## Exercise data
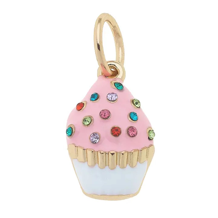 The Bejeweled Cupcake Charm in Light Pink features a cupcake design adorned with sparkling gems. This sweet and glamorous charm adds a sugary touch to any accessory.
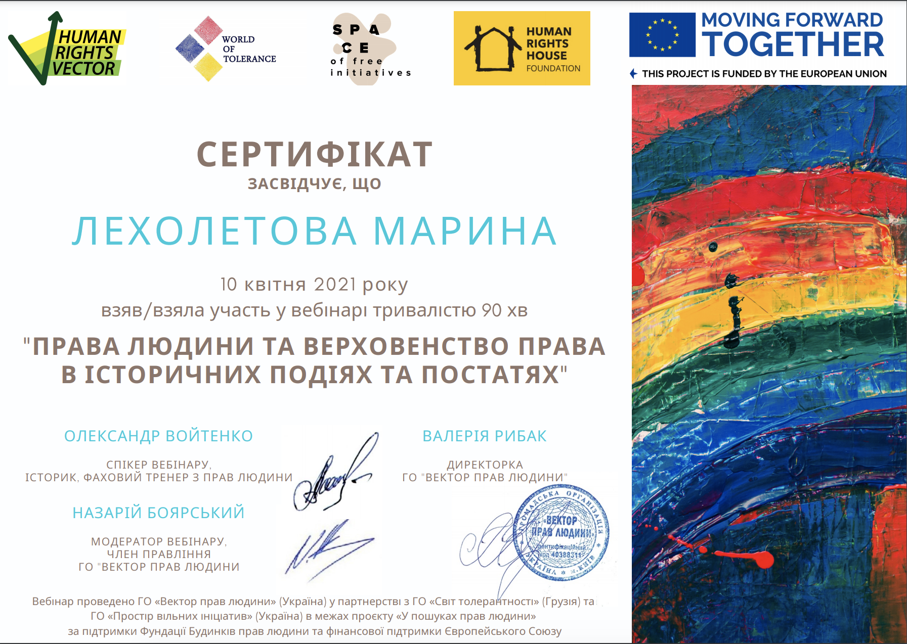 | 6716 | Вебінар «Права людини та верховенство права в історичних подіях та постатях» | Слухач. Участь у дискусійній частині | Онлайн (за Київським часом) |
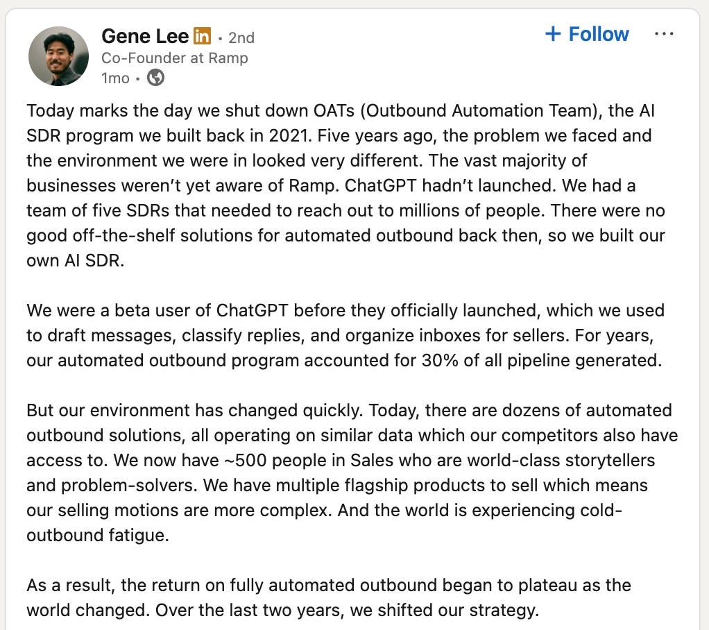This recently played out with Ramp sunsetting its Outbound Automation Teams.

## Directions
Find the line that has "Київським часом) |" in the listing, then retype it and each later line up to the last, exactly. Leave pictures out.

## Written solution
 | 6716 | Вебінар «Права людини та верховенство права в історичних подіях та постатях» | Слухач. Участь у дискусійній частині | Онлайн (за Київським часом) |
This recently played out with Ramp sunsetting its Outbound Automation Teams.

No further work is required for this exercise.